* What you need to do *
Repeat verbatim, and only, the lines of the data below, beginning at the line that contains "label = TRUE)" and stopping after the line that contains "Selling a Uniqlo".

━━━━━━━━

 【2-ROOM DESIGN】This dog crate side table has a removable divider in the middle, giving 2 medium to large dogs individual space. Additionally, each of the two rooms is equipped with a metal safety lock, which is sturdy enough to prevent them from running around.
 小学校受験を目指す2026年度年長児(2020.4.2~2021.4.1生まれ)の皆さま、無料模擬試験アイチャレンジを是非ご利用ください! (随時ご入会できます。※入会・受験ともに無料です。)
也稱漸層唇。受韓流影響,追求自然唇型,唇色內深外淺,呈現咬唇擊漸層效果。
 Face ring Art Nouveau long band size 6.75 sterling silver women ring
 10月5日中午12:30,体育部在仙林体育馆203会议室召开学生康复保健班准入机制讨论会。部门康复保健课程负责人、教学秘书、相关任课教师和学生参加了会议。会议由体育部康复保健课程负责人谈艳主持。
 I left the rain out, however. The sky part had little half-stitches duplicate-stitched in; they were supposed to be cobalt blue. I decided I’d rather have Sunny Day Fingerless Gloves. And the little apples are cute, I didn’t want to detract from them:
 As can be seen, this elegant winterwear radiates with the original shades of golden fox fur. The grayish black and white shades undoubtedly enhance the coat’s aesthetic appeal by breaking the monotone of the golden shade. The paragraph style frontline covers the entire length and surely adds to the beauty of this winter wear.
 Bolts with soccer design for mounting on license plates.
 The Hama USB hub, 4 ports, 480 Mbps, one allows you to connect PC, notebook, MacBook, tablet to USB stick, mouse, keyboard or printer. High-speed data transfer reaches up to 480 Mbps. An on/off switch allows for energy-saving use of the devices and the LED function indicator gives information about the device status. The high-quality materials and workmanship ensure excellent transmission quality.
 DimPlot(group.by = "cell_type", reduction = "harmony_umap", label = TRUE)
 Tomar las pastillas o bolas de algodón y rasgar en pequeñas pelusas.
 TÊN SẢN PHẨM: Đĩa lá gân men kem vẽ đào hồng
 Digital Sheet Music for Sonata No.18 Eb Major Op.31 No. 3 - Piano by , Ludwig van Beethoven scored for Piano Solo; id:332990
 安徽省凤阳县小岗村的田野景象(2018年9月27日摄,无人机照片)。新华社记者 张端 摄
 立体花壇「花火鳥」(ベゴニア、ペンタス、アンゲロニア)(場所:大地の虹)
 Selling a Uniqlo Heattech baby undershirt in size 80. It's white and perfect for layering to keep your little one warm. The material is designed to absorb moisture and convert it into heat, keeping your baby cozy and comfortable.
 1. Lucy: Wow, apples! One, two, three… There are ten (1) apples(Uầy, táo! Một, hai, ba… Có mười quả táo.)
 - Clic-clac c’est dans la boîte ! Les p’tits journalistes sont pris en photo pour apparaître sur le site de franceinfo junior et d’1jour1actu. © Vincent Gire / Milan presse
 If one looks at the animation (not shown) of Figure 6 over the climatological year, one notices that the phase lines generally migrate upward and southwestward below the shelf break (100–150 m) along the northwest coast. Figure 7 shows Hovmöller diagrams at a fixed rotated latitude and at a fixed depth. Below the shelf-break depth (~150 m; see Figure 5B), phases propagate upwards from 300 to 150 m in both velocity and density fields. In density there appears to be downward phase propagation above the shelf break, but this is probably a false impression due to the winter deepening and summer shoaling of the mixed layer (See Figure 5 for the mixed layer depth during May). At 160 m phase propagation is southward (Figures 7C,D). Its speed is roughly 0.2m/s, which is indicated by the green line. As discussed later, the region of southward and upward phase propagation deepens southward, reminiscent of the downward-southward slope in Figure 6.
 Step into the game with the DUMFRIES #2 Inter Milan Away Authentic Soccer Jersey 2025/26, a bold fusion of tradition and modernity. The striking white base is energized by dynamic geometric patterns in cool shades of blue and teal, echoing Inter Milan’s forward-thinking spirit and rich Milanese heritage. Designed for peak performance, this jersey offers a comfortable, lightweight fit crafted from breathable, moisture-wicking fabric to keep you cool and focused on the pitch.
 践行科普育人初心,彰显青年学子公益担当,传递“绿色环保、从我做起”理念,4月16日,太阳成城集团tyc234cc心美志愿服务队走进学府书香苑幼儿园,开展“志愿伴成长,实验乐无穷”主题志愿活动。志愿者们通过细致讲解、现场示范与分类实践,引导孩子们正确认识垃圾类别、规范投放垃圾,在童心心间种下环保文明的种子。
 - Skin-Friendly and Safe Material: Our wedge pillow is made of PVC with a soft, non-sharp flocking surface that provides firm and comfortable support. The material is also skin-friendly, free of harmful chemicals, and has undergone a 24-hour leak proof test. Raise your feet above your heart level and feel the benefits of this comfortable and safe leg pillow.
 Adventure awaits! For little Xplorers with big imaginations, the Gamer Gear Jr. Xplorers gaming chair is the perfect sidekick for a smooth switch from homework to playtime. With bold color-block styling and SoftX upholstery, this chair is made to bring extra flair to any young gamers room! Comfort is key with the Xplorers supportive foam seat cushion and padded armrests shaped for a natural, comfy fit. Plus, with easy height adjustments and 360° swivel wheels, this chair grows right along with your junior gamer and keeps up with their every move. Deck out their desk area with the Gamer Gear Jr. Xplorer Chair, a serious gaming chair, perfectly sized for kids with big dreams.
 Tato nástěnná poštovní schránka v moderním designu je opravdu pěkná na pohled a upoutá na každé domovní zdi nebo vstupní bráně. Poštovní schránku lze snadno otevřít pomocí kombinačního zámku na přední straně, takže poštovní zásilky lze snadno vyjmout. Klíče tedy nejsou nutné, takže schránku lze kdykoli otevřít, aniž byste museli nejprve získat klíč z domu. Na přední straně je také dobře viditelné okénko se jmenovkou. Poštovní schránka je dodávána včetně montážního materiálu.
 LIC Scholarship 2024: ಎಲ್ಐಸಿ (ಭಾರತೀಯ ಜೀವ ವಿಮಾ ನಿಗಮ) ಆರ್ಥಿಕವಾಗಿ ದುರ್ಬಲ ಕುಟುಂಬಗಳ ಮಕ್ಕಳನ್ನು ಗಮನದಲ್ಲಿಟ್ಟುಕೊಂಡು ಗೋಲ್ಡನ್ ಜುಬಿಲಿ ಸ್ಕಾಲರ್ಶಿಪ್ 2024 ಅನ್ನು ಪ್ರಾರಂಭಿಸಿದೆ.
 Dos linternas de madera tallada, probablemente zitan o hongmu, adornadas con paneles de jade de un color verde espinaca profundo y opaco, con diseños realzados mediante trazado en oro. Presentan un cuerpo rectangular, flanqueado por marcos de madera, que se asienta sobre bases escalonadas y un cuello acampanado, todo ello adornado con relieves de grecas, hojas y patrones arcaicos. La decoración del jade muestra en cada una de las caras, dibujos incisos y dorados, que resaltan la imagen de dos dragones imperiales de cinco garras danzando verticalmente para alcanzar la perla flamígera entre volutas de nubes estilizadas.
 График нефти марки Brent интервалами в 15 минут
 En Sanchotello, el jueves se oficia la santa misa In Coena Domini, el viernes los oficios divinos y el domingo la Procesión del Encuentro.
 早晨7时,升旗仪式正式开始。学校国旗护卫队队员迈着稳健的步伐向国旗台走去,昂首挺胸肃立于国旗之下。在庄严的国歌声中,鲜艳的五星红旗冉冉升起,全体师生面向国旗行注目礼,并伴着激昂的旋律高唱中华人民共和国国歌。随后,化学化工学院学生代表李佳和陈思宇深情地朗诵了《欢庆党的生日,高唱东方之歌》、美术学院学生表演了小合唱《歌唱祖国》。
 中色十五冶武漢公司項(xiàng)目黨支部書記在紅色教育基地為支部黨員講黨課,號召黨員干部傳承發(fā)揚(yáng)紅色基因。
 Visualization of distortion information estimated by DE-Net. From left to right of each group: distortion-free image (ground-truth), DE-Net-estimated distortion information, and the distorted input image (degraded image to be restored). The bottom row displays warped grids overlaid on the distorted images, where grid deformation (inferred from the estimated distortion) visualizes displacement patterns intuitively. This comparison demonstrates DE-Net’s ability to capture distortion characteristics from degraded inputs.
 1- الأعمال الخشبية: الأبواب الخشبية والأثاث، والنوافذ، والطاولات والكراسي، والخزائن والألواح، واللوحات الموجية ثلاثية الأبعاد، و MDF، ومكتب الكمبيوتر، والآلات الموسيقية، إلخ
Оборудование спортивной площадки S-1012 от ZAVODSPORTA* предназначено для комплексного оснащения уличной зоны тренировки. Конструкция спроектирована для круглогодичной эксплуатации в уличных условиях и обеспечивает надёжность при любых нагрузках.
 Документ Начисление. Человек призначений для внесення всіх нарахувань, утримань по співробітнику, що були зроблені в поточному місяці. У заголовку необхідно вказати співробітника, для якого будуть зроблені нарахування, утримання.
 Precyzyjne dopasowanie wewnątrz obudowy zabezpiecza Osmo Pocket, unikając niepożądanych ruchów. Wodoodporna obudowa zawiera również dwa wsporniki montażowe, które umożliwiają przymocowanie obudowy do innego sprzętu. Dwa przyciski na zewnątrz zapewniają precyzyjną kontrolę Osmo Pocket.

━━━━━━━━

* Result for this exercise *
 DimPlot(group.by = "cell_type", reduction = "harmony_umap", label = TRUE)
 Tomar las pastillas o bolas de algodón y rasgar en pequeñas pelusas.
 TÊN SẢN PHẨM: Đĩa lá gân men kem vẽ đào hồng
 Digital Sheet Music for Sonata No.18 Eb Major Op.31 No. 3 - Piano by , Ludwig van Beethoven scored for Piano Solo; id:332990
 安徽省凤阳县小岗村的田野景象(2018年9月27日摄,无人机照片)。新华社记者 张端 摄
 立体花壇「花火鳥」(ベゴニア、ペンタス、アンゲロニア)(場所:大地の虹)
 Selling a Uniqlo Heattech baby undershirt in size 80. It's white and perfect for layering to keep your little one warm. The material is designed to absorb moisture and convert it into heat, keeping your baby cozy and comfortable.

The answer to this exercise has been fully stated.